About this exercise >>
Reproduce exactly the lines from the start of the records through the line containing "햇빛촌 2026년 활동지원사", both included. Leave the pictures out.

Records to process >>
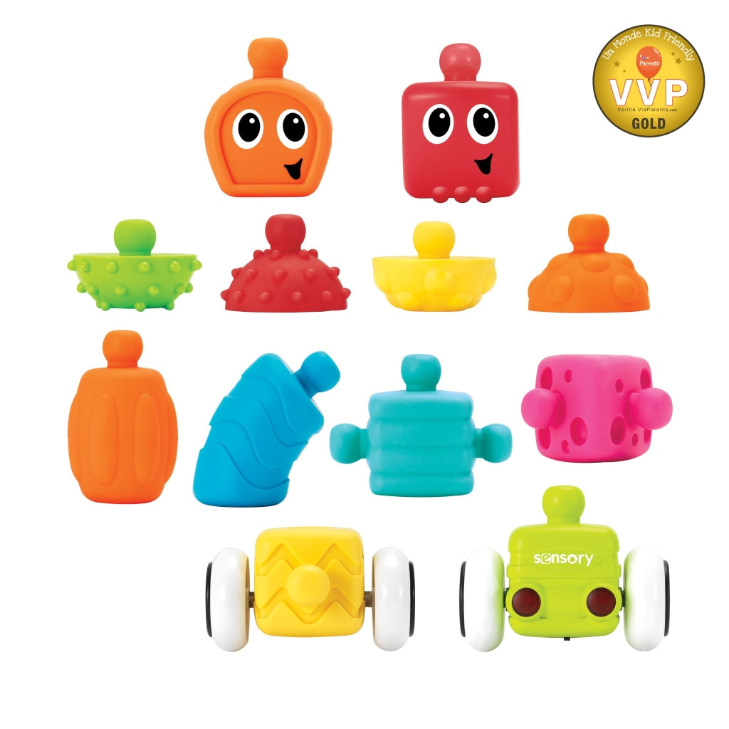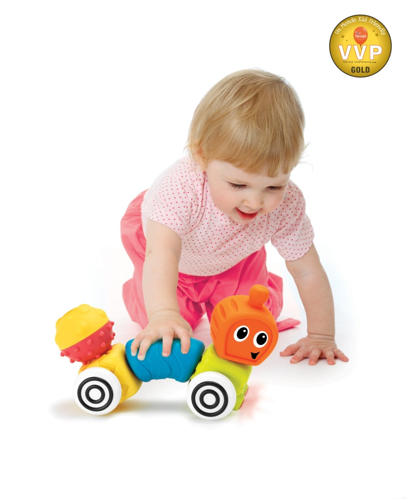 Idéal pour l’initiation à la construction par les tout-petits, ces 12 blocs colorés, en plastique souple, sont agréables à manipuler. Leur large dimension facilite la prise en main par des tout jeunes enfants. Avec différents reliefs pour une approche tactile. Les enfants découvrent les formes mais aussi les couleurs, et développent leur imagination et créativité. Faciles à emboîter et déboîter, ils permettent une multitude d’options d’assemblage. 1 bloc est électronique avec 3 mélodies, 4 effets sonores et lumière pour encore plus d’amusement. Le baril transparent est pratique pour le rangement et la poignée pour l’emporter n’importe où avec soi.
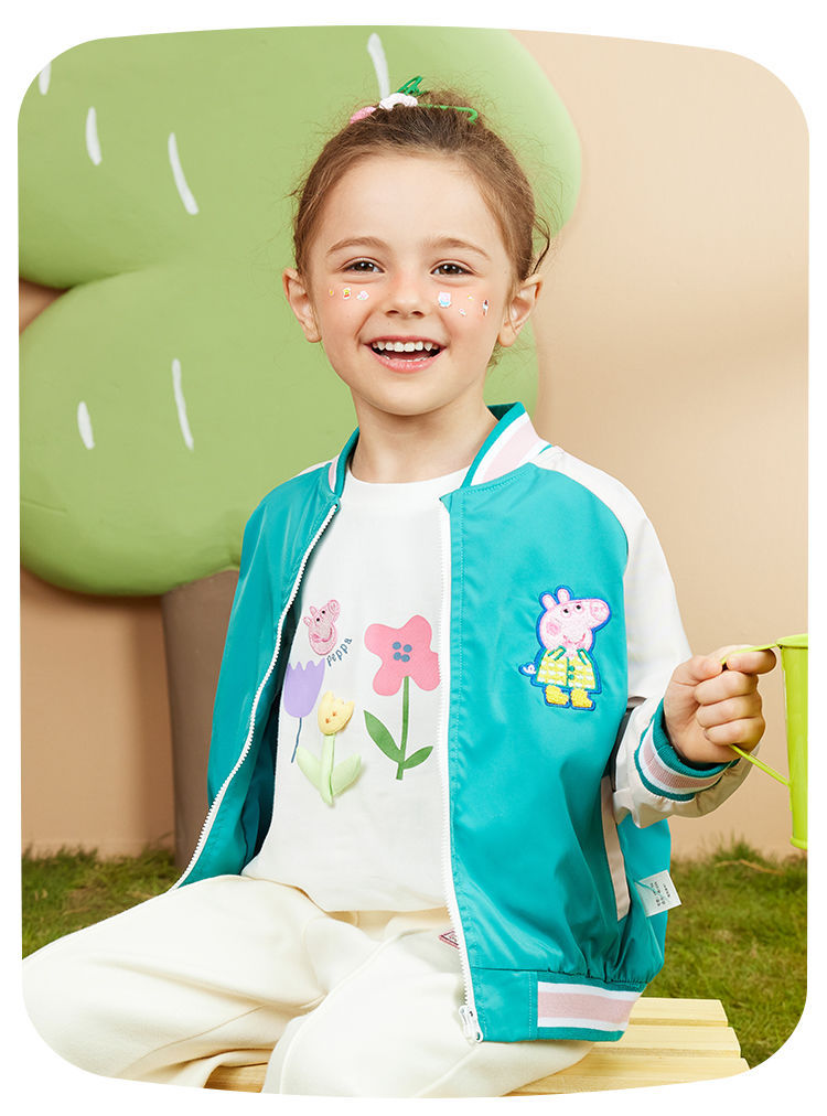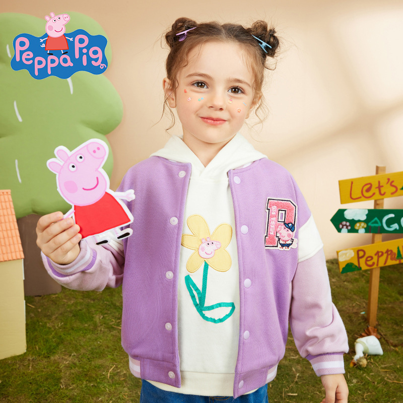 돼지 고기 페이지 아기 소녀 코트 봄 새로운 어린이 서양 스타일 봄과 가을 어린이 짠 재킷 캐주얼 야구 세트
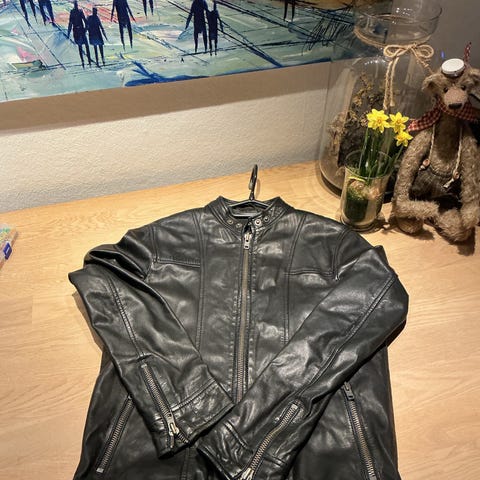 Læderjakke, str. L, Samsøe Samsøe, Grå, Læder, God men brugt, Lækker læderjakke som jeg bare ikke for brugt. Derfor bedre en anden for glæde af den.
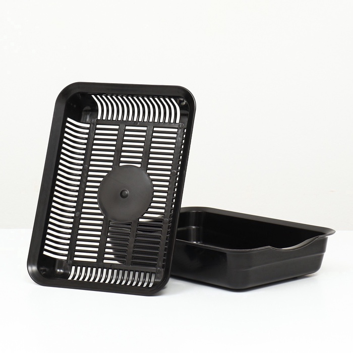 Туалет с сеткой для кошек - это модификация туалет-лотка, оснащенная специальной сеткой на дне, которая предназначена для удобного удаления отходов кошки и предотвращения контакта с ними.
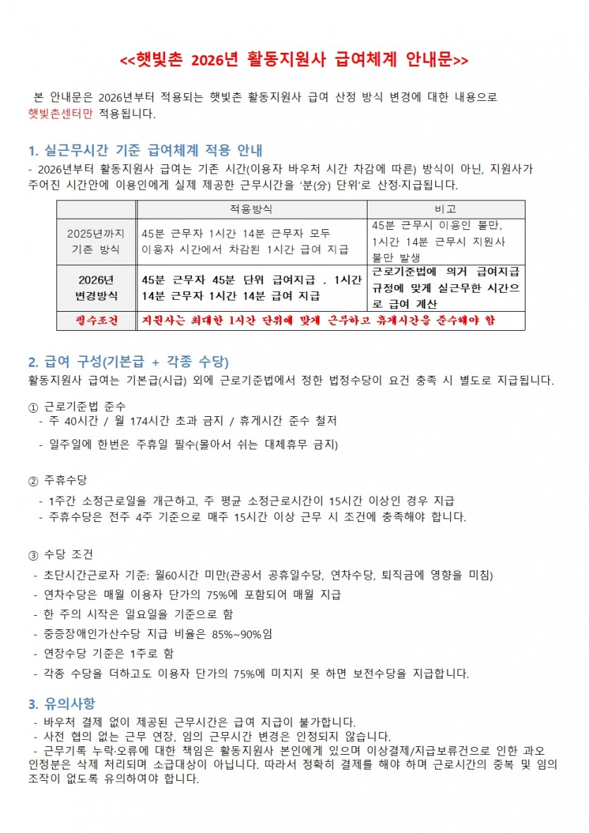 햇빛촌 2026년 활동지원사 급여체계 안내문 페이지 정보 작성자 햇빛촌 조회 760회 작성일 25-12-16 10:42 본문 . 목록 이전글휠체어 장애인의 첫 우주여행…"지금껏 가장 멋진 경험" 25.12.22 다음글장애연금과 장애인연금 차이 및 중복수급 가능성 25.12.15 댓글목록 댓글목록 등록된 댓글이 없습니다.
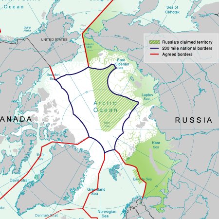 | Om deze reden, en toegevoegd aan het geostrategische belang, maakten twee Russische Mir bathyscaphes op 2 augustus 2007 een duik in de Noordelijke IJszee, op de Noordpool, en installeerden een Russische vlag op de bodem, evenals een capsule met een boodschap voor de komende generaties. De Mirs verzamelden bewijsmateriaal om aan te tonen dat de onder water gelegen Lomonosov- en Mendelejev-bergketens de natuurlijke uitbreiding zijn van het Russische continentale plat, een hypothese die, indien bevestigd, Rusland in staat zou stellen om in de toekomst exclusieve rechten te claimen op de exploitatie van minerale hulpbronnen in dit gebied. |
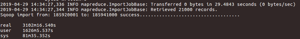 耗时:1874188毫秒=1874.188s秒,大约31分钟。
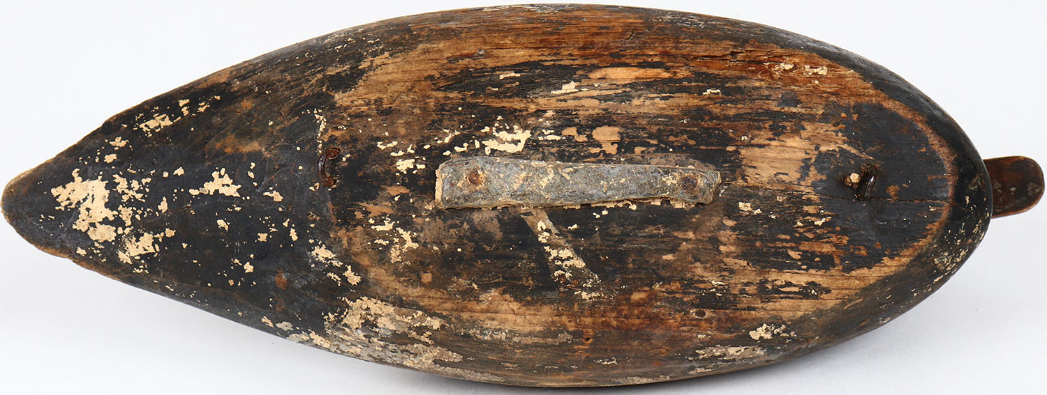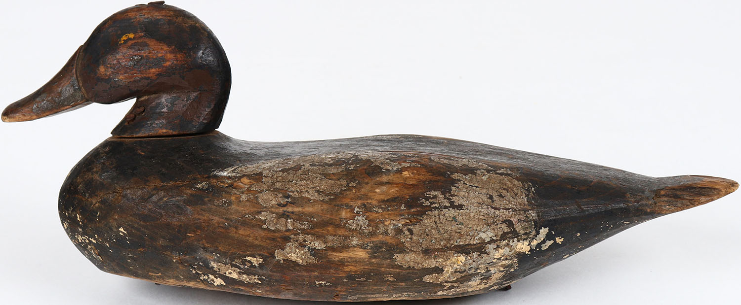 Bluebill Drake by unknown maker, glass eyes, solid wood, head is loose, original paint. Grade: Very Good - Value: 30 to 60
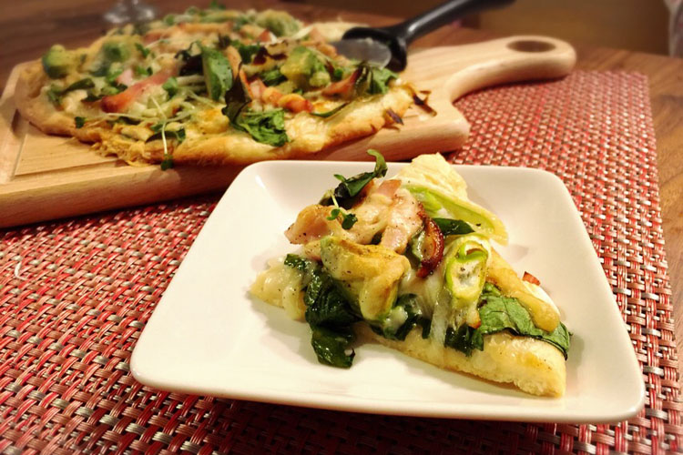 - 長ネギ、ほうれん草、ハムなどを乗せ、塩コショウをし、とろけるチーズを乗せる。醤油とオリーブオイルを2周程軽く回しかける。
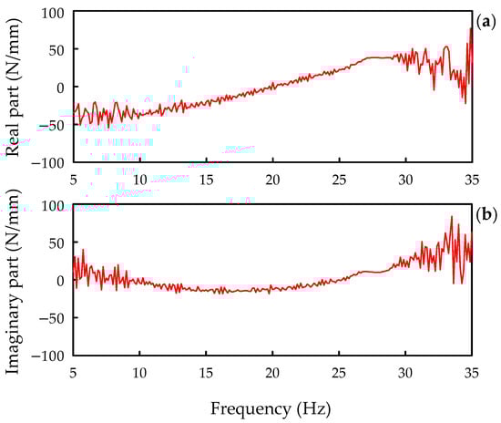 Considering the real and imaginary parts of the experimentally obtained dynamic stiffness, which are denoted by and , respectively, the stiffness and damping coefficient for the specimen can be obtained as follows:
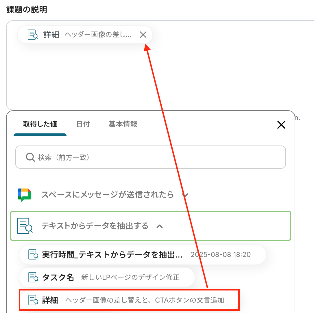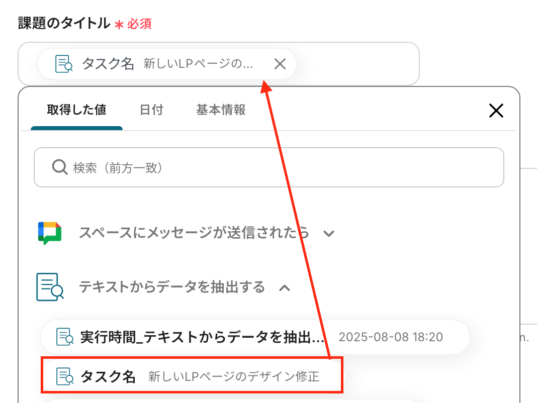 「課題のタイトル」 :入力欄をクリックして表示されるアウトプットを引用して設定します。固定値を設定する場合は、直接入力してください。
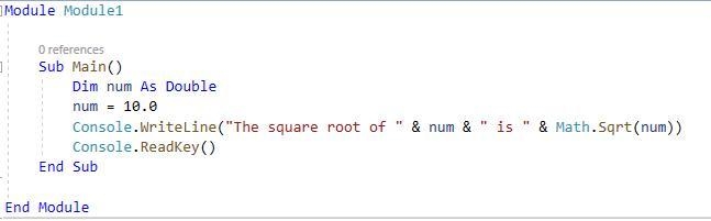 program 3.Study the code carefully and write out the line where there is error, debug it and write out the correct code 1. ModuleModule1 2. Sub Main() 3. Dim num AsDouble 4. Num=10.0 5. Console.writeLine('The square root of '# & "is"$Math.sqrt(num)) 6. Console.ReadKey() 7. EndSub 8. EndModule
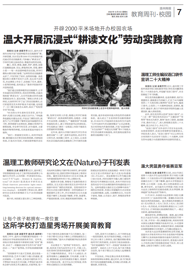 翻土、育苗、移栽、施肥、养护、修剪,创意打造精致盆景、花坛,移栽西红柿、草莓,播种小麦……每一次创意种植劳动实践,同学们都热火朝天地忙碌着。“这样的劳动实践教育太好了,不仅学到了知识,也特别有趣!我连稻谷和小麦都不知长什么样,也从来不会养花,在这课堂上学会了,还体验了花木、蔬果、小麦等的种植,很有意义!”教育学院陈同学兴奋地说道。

Answer section >>
 Idéal pour l’initiation à la construction par les tout-petits, ces 12 blocs colorés, en plastique souple, sont agréables à manipuler. Leur large dimension facilite la prise en main par des tout jeunes enfants. Avec différents reliefs pour une approche tactile. Les enfants découvrent les formes mais aussi les couleurs, et développent leur imagination et créativité. Faciles à emboîter et déboîter, ils permettent une multitude d’options d’assemblage. 1 bloc est électronique avec 3 mélodies, 4 effets sonores et lumière pour encore plus d’amusement. Le baril transparent est pratique pour le rangement et la poignée pour l’emporter n’importe où avec soi.
 돼지 고기 페이지 아기 소녀 코트 봄 새로운 어린이 서양 스타일 봄과 가을 어린이 짠 재킷 캐주얼 야구 세트
 Læderjakke, str. L, Samsøe Samsøe, Grå, Læder, God men brugt, Lækker læderjakke som jeg bare ikke for brugt. Derfor bedre en anden for glæde af den.
 Туалет с сеткой для кошек - это модификация туалет-лотка, оснащенная специальной сеткой на дне, которая предназначена для удобного удаления отходов кошки и предотвращения контакта с ними.
 햇빛촌 2026년 활동지원사 급여체계 안내문 페이지 정보 작성자 햇빛촌 조회 760회 작성일 25-12-16 10:42 본문 . 목록 이전글휠체어 장애인의 첫 우주여행…"지금껏 가장 멋진 경험" 25.12.22 다음글장애연금과 장애인연금 차이 및 중복수급 가능성 25.12.15 댓글목록 댓글목록 등록된 댓글이 없습니다.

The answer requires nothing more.